Prolog

657 6 2
                                    

„Dobrze, idź za głosem serca. Ale niełatwo jest postępować inaczej niż wszyscy.

Za porażkę możesz winić tylko siebie". Cytat z filmu anime Szept serca,

reż. Yoshifumi Kondo, 1995

PROLOG

Lekkie podmuchy ciepłego wiatru wpadały przez otwarte okna małego domku stojącego przy kwitnącej czereśni. Przechodzący obok mieszkańcy nadmorskiego miasta Pohang rozkoszowali się słonecznym dniem, zupełnie nieświadomi, że u państwa Park właśnie działo się coś ważnego, mającego na długo zmienić ich rodzinę, rozdzielić jej członków, i to wcale nie przez żadną nadprzyrodzoną siłę ani nikczemny podstęp, lecz z powodu dobrowolnej decyzji całej trójki.

Miesiąc wcześniej państwo Park i ich syn, piętnastoletni Juwon, usiedli przy drewnianym stoliku na tarasie, gdzie zwykle jadali latem, żeby przedyskutować kwestię, o której rozmowę odkładali już od dawna.
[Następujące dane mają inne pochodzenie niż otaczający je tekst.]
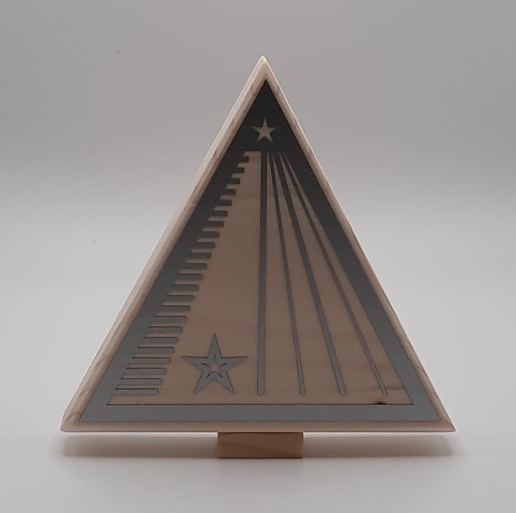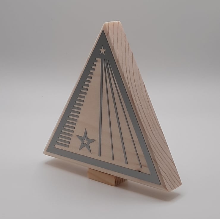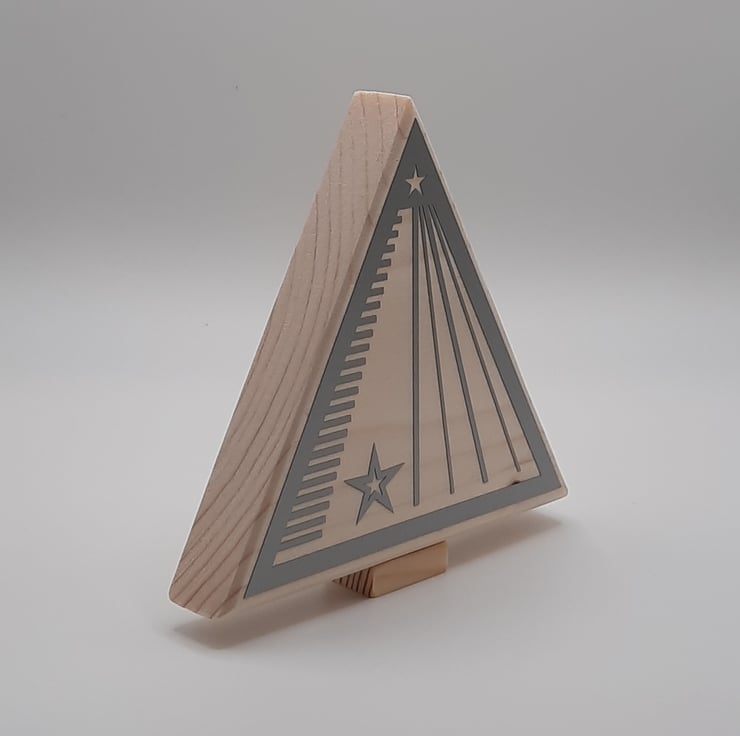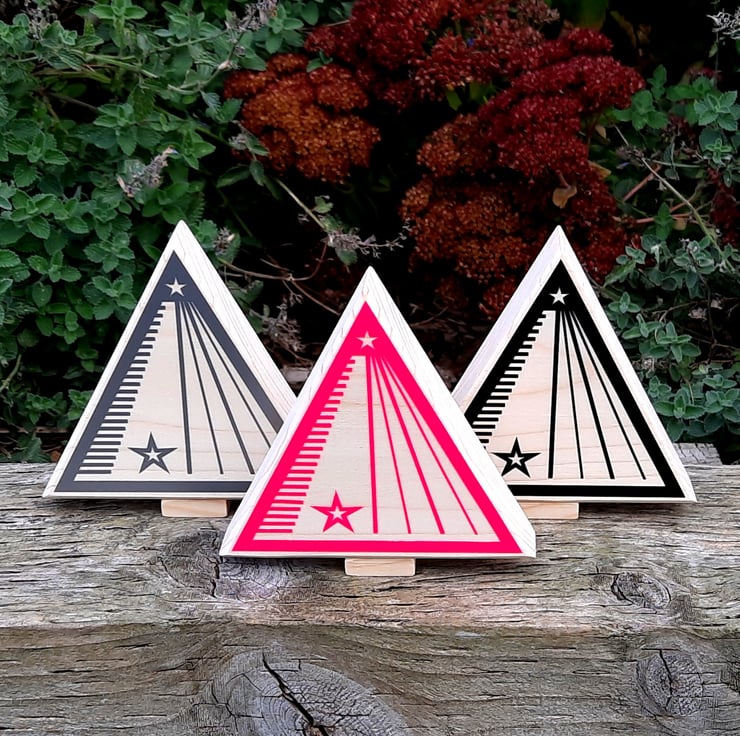 Available with in choice of Black, Silver or Neon Pink vinyl decoration, your Christmas Tree is individually cut from PEFC certified Spruce and fine sanded by hand to a beautifully smooth natural wood finish.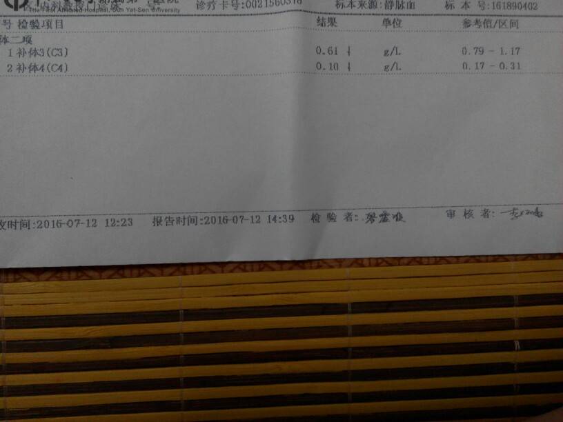你的補體,很好啊。就是尿蛋白不好。你看了楊岫岩教授多久?好多指標,楊岫岩教授都不看的。他說過,查了浪費錢。上次我老公說,怎麼查那麼少,反正都扎了一針,我就說,浪費我的血啊。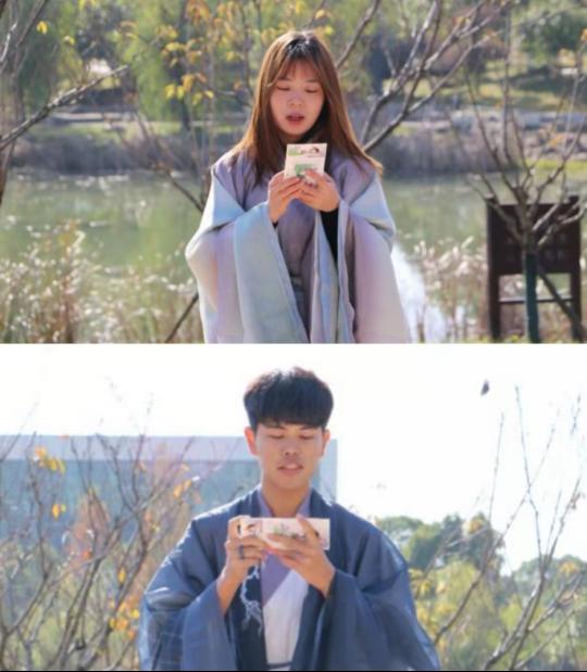 在听过两位老师深入浅出的讲解后,同学们随两位领读同学共同朗诵《无衣》、《黍离》,于玉带河畔追忆千余年前的铿锵音韵,于问渠长廊忆想先秦时期的战火纷飞。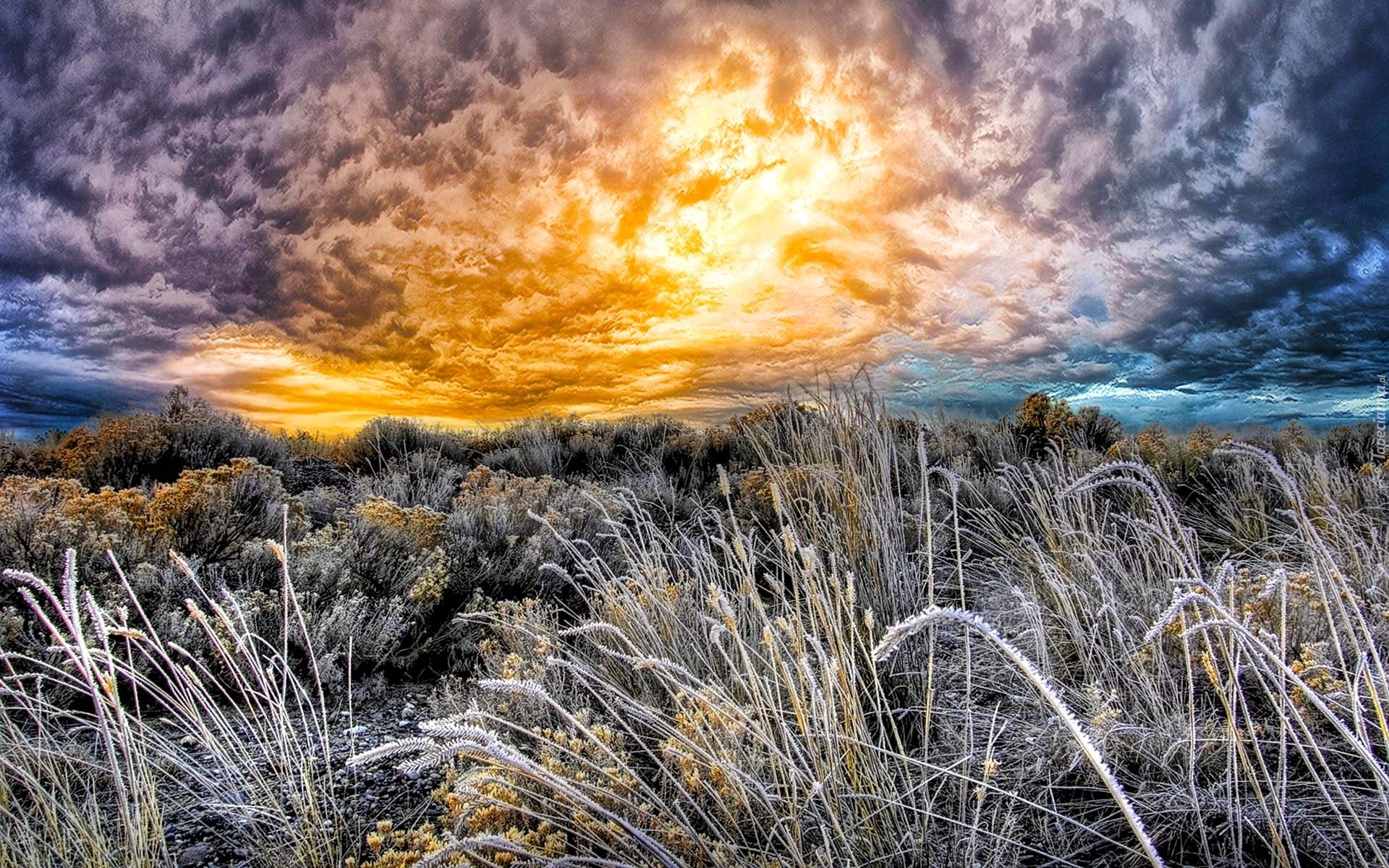 Edytor tapety: Zachód, Słońca, Chmury, Trawy

Pani Park upiekła chleb na zakwasie, według przepisu przywiezionego z podróży poślubnej po Włoszech. Pokochała zapach świeżego, wyciągniętego z piekarnika bochenka, jego gorzki smak i dźwięk chrupania, który wydawał, gdy łamało się go na pół, więc mimo że minęło dwadzieścia lat, odkąd została żoną pana Parka, wciąż piekła chleb w ten sam wyjątkowy sposób. Obok pokrojonego na grube kawałki bochenka stała ulubiona zupa z kimchi oraz przystawki, w tym kongnamul muchim z kiełkami fasoli

Zwykle po uczcie urządzanej przez panią Park juź po kilku minutach można było zbierać puste talerze. Tym razem cała rodzina siedziała w ciszy przy tarasowym stole, nawet nie zerkając na przygotowane potrawy.

Pani Park mieszała nerwowo zupę, celowo zajmując w ten sposób ręce i myśli. Być może chciała tymi silnymi pociągnięciami łyżki sprawić, że temat wpadnie do zupy, utonie pod kolejnymi warstwami kapusty i już nigdy nie będzie musiała go podejmować. Pan Park natomiast siedział nieruchomo, skupiając swój wzrok na płynącym wolno strumyku, na który roztaczał się widok z niewielkiego tarasu.

- Matko, ojcze - zaczął Juwon, wstając z krzesła, które wydało przy tym przenikliwy, skrzypiący dźwięk. - Czy możemy porozmawiać? - wygładził dłońmi swój mundurek. Nie przebrał się jeszcze po przyjściu ze szkoły. - Trzy wytwórnie czekają na waszą odpowiedź.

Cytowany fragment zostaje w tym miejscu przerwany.